- [TASK DESCRIPTION] Copy out each entry precisely; no image belongs in the result.

- [STORED DATA]
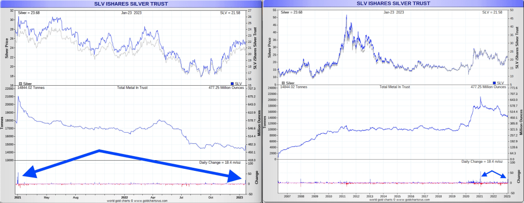 I used to do a lot of reports like this 2 years ago, but Mike’s are nicer looking and provide a lot better info at a glance. This is what mine looked like 2 years ago. He has taken on this task admirably!! You could see my tracker with the daily delivery oz – and maybe 1 day here or there nothing moved. Eight days????? since that, there was one day above with the 10k ounces out, then the next day nothing either. Odd.
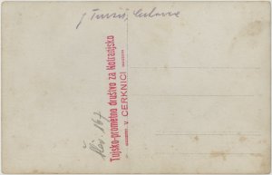 Na zadnji strani je žig Tujsko – prometnega društva za Notranjsko.Poleg tega je napis “g. Turšič Cerknica”. Predvidevam, da je Tujsko prometno društvo zbiralo fotografije za kakšno svojo razstavo ali zbirko in da je to razglednico prispeval Turšič iz Cerknice.
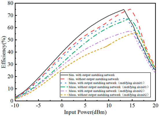 Figure 15 shows the simulated and measured efficiency of the rectifying circuit. In the simulation, the maximum efficiency reached 74.8% with the output matching network, when the input power was 13 dBm; the efficiency reached 74.9% without the output matching network, when the input power was 14.5 dBm. In the test, the efficiency of rectifier circuit 1 reached 68.03% with the output matching network, when the power was 13.6 dBm; the efficiency of rectifier circuit 1 reached 67.4% without the output matching network, when the power was 14.4 dBm. The efficiency of rectifier circuit 2 reached 57.2% with the output matching network, when the power was 14.5 dBm; the efficiency of rectifier circuit 2 reached 56% without the output matching network, when the power was 16 dBm.
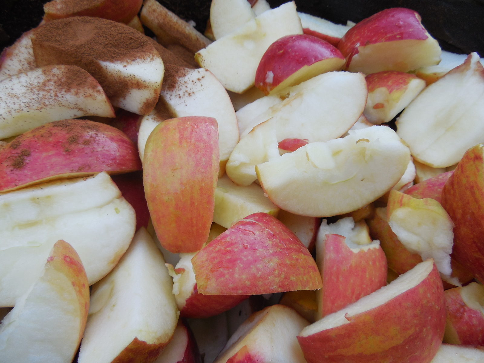 Here’s what makes this so easy (beside the Crock-pot)- no peeling! That’s right, with Jonathan apples you can skip the terribly tedious chore of peeling 36 apples.
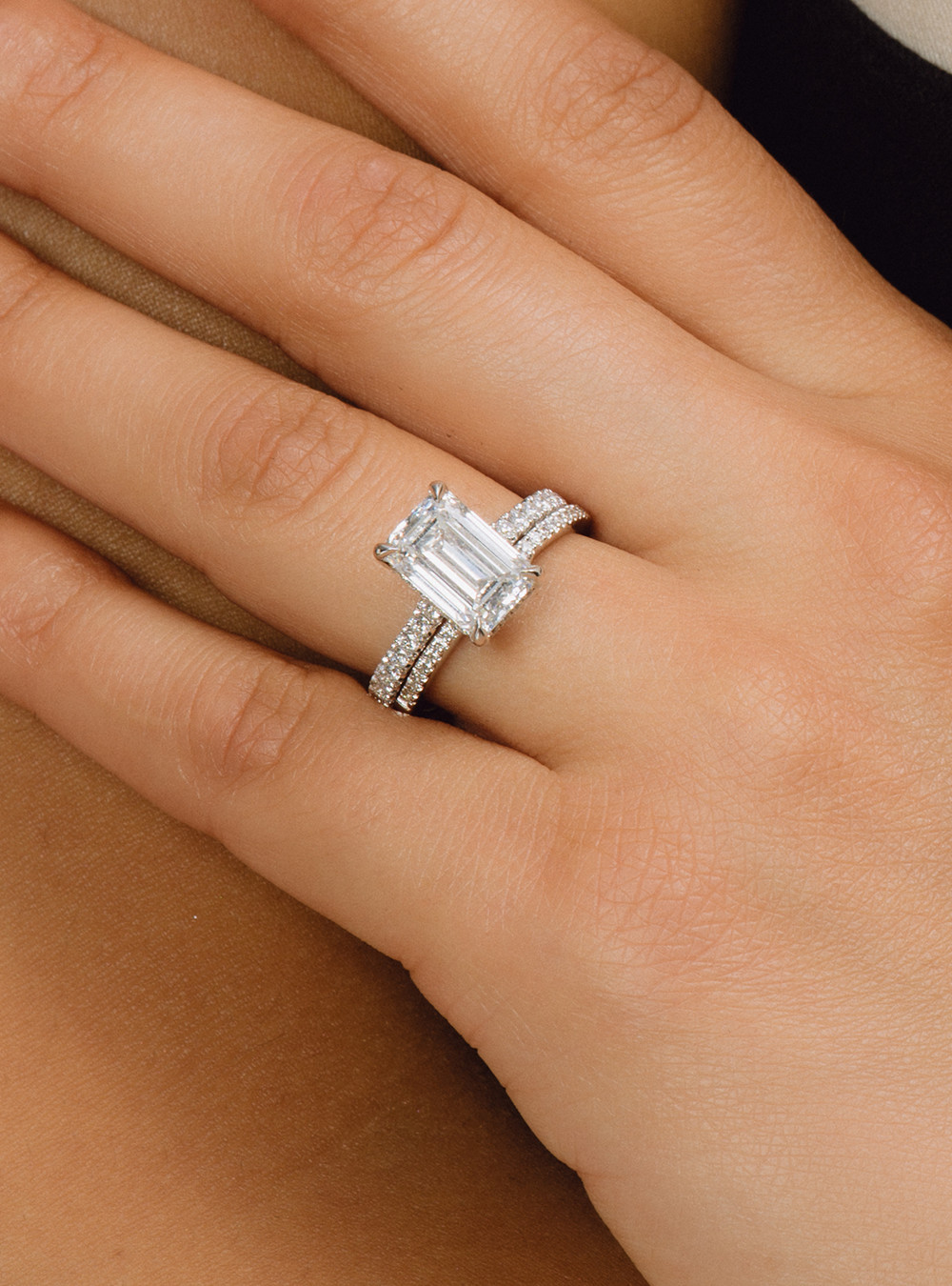 The emerald cut diamond is a statement of refined elegance, known for its elongated silhouette and step-cut facets that create a mesmerizing hall-of-mirrors effect. Prioritizing clarity over brilliance, its large, open table showcases the diamond’s pure beauty.
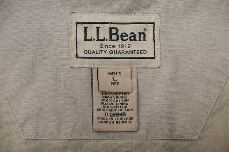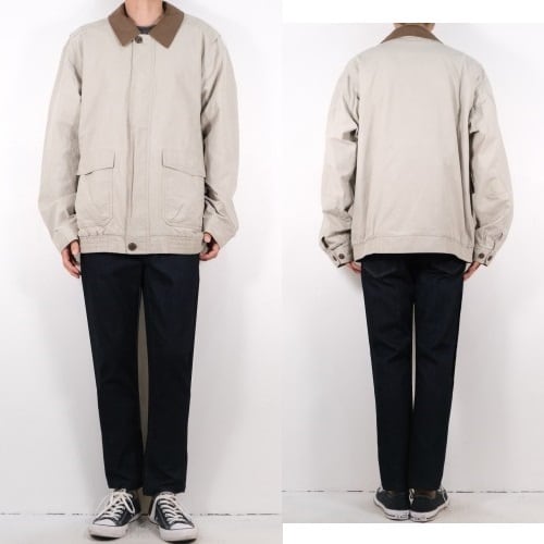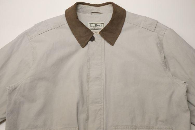 1912年"Leon Leonwood Bean"によりメイン州フリーポートで創業された"L.L.Bean"から2000年代初期頃のバーン・ジャケット。やや薄手でぱりっと張りのある100%コットンを使用し、着用と経年によって淡くフェードしたライトグレーの色味と素材の表情にこなれた風合いの良さを感じるアイテムです。リラックスした着用に適したボリュームあるシルエット、後部のアクション・プリーツ、フェイク・スエードのカラー、フラップ×スラッシュのダブル・ポケット、ボディ・ライニングにコットン、スリーブ・ライニングにナイロンが張られた仕上がりも魅力となっています。着用の上で問題となるダメージ汚れはございませんが、襟に毛羽立ち、全体的に着用感のあるUSEDコンディションですのでご理解の上ご検討ください。スラックスと合わせた綺麗めのスタイルから、デニムやチノ・パンツに合わせたカジュアルなコーディネートまで幅広く楽しんでいただける大人な印象のジャケットです。
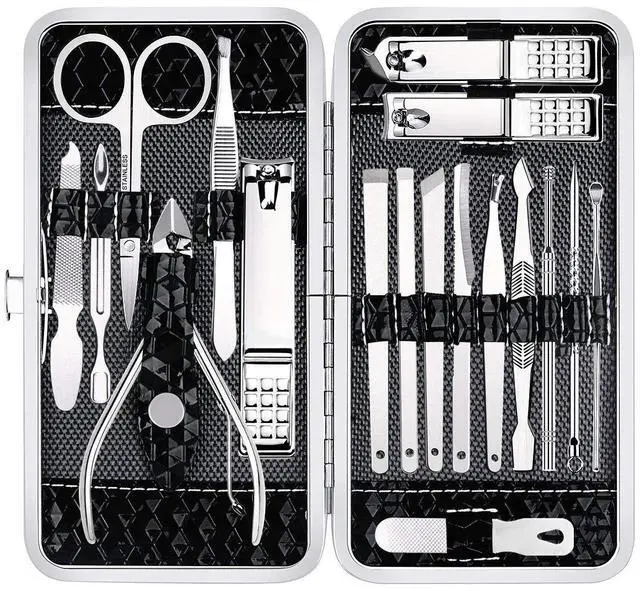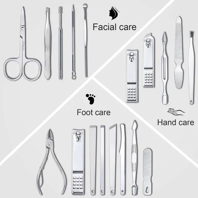 - Manicure Set: Professional Manicure kit contains 18pcs nail, toenail ,facial care multi-purpose tools in a compact case. Multifunctional include hand care,facial care,foot care all in one.
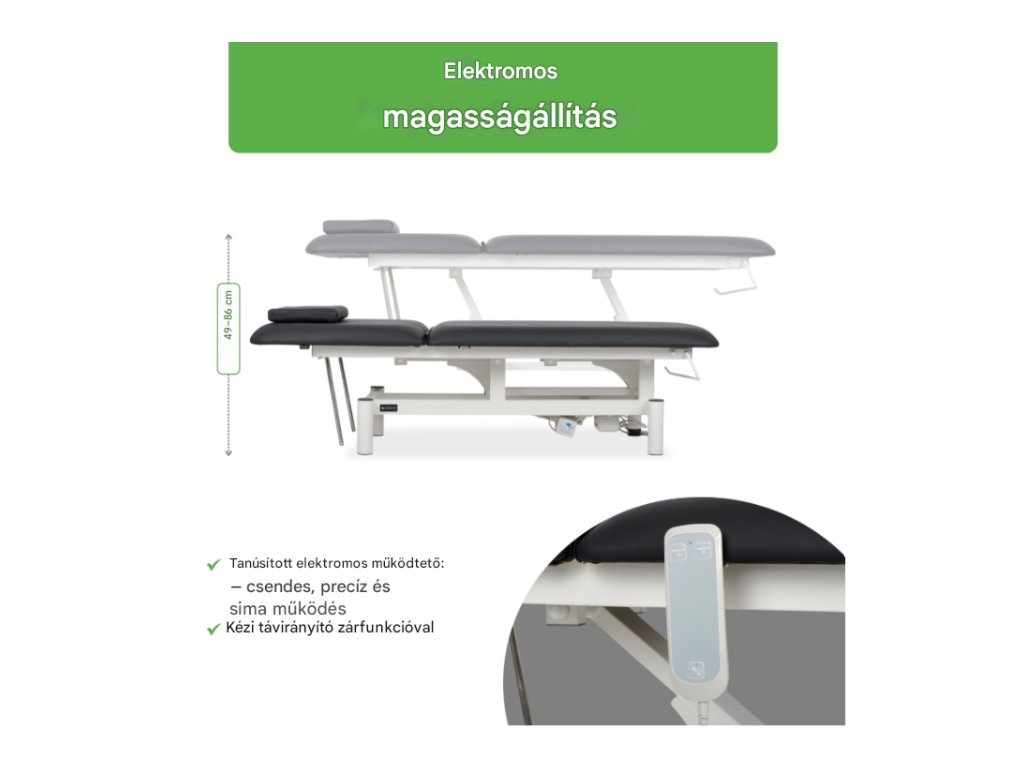 Optima terápiás asztal, elektromos magasságállítással és kézi távirányítóval – Satin Comfort k715 fekete
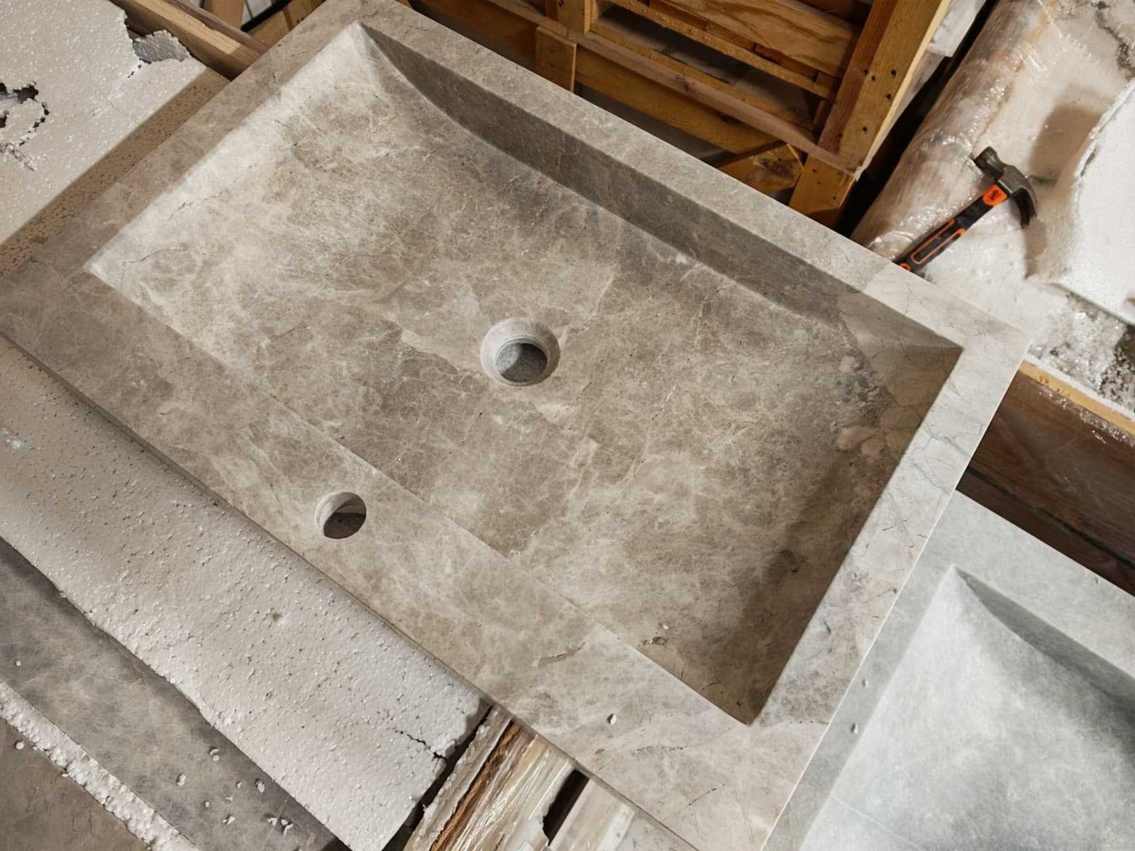 No Merk: Natuursteen Product type: Wastafel Kleur: Beige Lengte: 46cm Breedte: 70cm Hoogte: 10cm Materiaal: Marmer Inspiration Grey
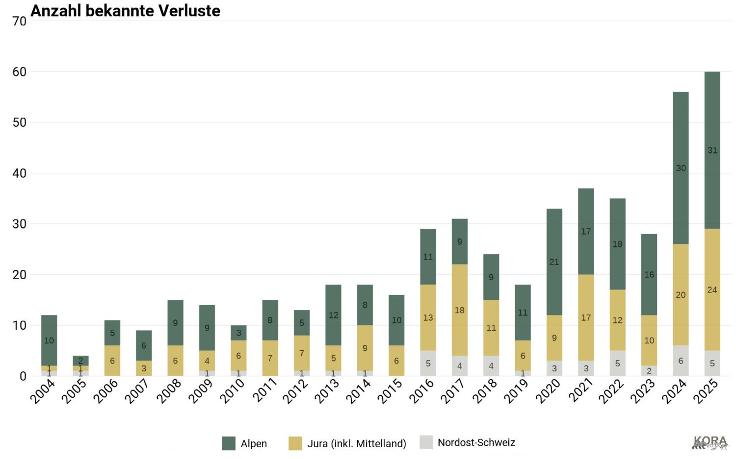 Die Verluste können auch im KORA Monitoring Center eingesehen werden. Weitere Angaben finden sie in den Jahresberichten des FIWI.
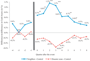 根据回归结果绘图,可以更直观的看到受灾区、受灾区附近的公司在飓风发生前后相对于对照组公司现金持有量的变化:
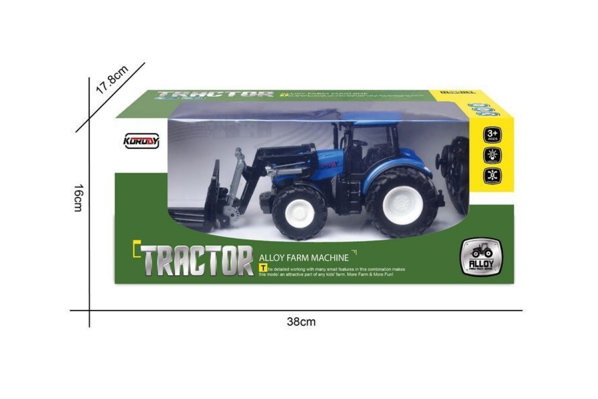 Трактор двигается вперед, назад, способен повернуть налево и направо, включить/выключить свет, а также включается демонстрационный режим. К тракторам Korody легко прицепляется навесное оборудование, чтобы показать детям, как возделываются поля и выращиваются сельскохозяйственные продукты. Трактор имеет в комплекте вилочный погрузчик.
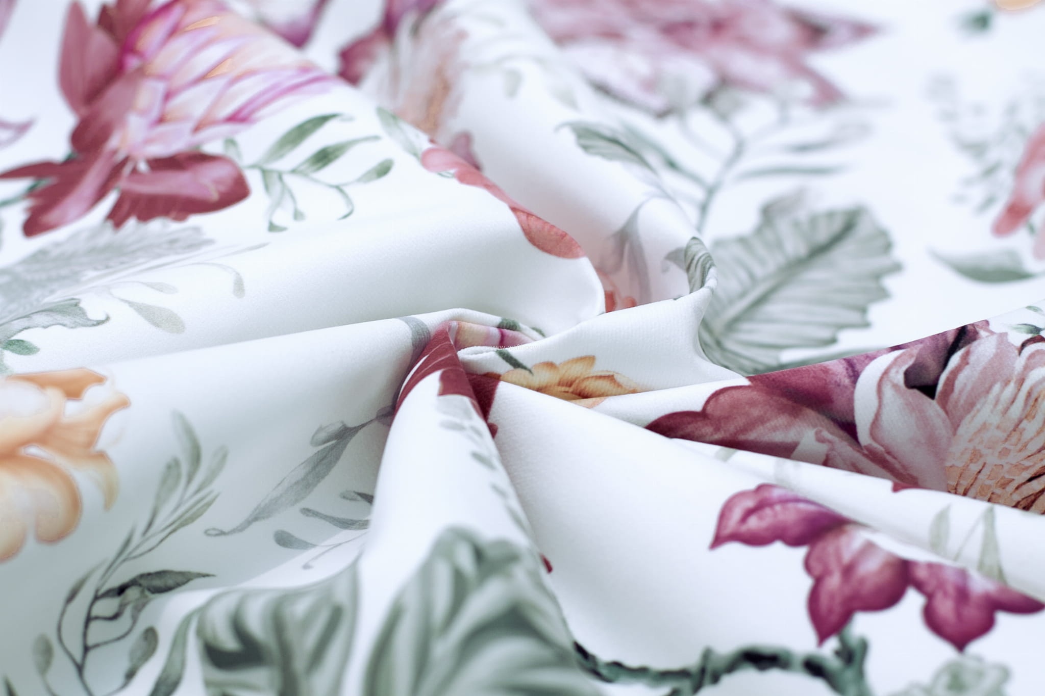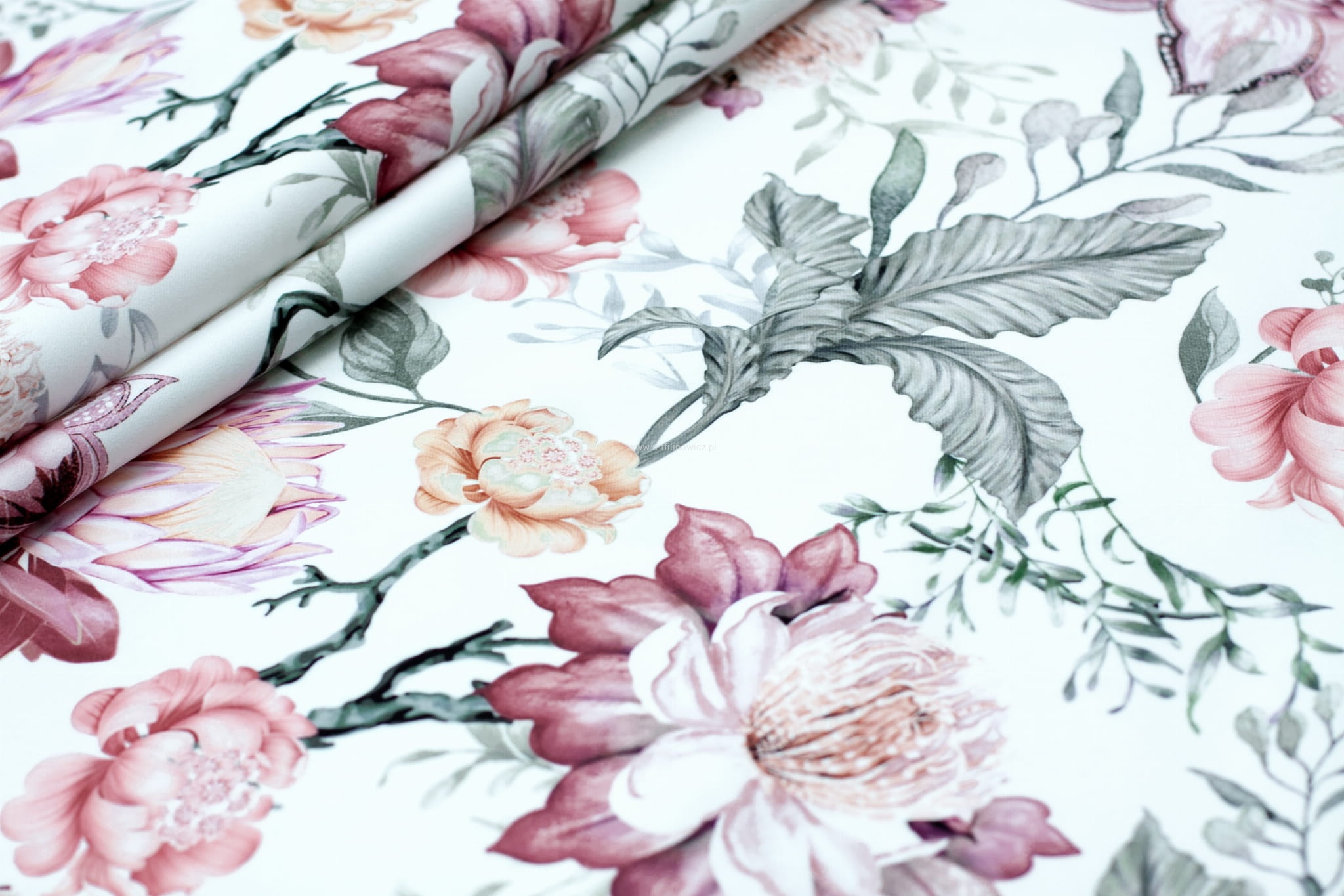 Paradiso to przepiękny welur tapicerski z kolorowym i wyrazistym motywem florystycznym. Kwiaty na białym tle wyglądają jak malowane. Tkanina mocna i wytrzymała (210 000 cykli), jej zaletą jest również miękkość i łatwość w układaniu na meblach.
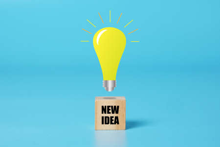 A picture of New Idea word at wooden block and lighten up bulb on blue background. New Idea and innovation concept
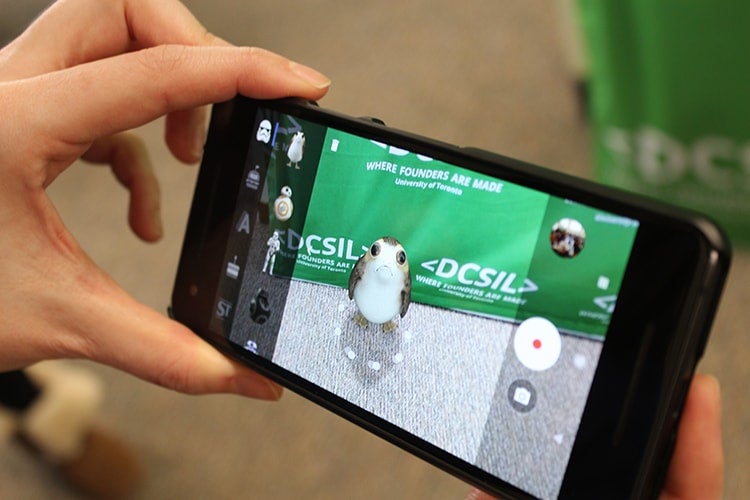 Disney’s Star Wars “porg” visits the Department of Computer Science Innovation Lab via the Google AR stickers app (photo by Ryan Perez)
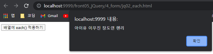 // 2) 배열에서 사용, each()가 배열안에 있는 데이터의 갯수만큼 호출

- [TASK SOLUTION]
 I used to do a lot of reports like this 2 years ago, but Mike’s are nicer looking and provide a lot better info at a glance. This is what mine looked like 2 years ago. He has taken on this task admirably!! You could see my tracker with the daily delivery oz – and maybe 1 day here or there nothing moved. Eight days????? since that, there was one day above with the 10k ounces out, then the next day nothing either. Odd.
 Na zadnji strani je žig Tujsko – prometnega društva za Notranjsko.Poleg tega je napis “g. Turšič Cerknica”. Predvidevam, da je Tujsko prometno društvo zbiralo fotografije za kakšno svojo razstavo ali zbirko in da je to razglednico prispeval Turšič iz Cerknice.
 Figure 15 shows the simulated and measured efficiency of the rectifying circuit. In the simulation, the maximum efficiency reached 74.8% with the output matching network, when the input power was 13 dBm; the efficiency reached 74.9% without the output matching network, when the input power was 14.5 dBm. In the test, the efficiency of rectifier circuit 1 reached 68.03% with the output matching network, when the power was 13.6 dBm; the efficiency of rectifier circuit 1 reached 67.4% without the output matching network, when the power was 14.4 dBm. The efficiency of rectifier circuit 2 reached 57.2% with the output matching network, when the power was 14.5 dBm; the efficiency of rectifier circuit 2 reached 56% without the output matching network, when the power was 16 dBm.
 Here’s what makes this so easy (beside the Crock-pot)- no peeling! That’s right, with Jonathan apples you can skip the terribly tedious chore of peeling 36 apples.
 The emerald cut diamond is a statement of refined elegance, known for its elongated silhouette and step-cut facets that create a mesmerizing hall-of-mirrors effect. Prioritizing clarity over brilliance, its large, open table showcases the diamond’s pure beauty.
 1912年"Leon Leonwood Bean"によりメイン州フリーポートで創業された"L.L.Bean"から2000年代初期頃のバーン・ジャケット。やや薄手でぱりっと張りのある100%コットンを使用し、着用と経年によって淡くフェードしたライトグレーの色味と素材の表情にこなれた風合いの良さを感じるアイテムです。リラックスした着用に適したボリュームあるシルエット、後部のアクション・プリーツ、フェイク・スエードのカラー、フラップ×スラッシュのダブル・ポケット、ボディ・ライニングにコットン、スリーブ・ライニングにナイロンが張られた仕上がりも魅力となっています。着用の上で問題となるダメージ汚れはございませんが、襟に毛羽立ち、全体的に着用感のあるUSEDコンディションですのでご理解の上ご検討ください。スラックスと合わせた綺麗めのスタイルから、デニムやチノ・パンツに合わせたカジュアルなコーディネートまで幅広く楽しんでいただける大人な印象のジャケットです。
 - Manicure Set: Professional Manicure kit contains 18pcs nail, toenail ,facial care multi-purpose tools in a compact case. Multifunctional include hand care,facial care,foot care all in one.
 Optima terápiás asztal, elektromos magasságállítással és kézi távirányítóval – Satin Comfort k715 fekete
 No Merk: Natuursteen Product type: Wastafel Kleur: Beige Lengte: 46cm Breedte: 70cm Hoogte: 10cm Materiaal: Marmer Inspiration Grey
 Die Verluste können auch im KORA Monitoring Center eingesehen werden. Weitere Angaben finden sie in den Jahresberichten des FIWI.
 根据回归结果绘图,可以更直观的看到受灾区、受灾区附近的公司在飓风发生前后相对于对照组公司现金持有量的变化:
 Трактор двигается вперед, назад, способен повернуть налево и направо, включить/выключить свет, а также включается демонстрационный режим. К тракторам Korody легко прицепляется навесное оборудование, чтобы показать детям, как возделываются поля и выращиваются сельскохозяйственные продукты. Трактор имеет в комплекте вилочный погрузчик.
 Paradiso to przepiękny welur tapicerski z kolorowym i wyrazistym motywem florystycznym. Kwiaty na białym tle wyglądają jak malowane. Tkanina mocna i wytrzymała (210 000 cykli), jej zaletą jest również miękkość i łatwość w układaniu na meblach.
 A picture of New Idea word at wooden block and lighten up bulb on blue background. New Idea and innovation concept
 Disney’s Star Wars “porg” visits the Department of Computer Science Innovation Lab via the Google AR stickers app (photo by Ryan Perez)
 // 2) 배열에서 사용, each()가 배열안에 있는 데이터의 갯수만큼 호출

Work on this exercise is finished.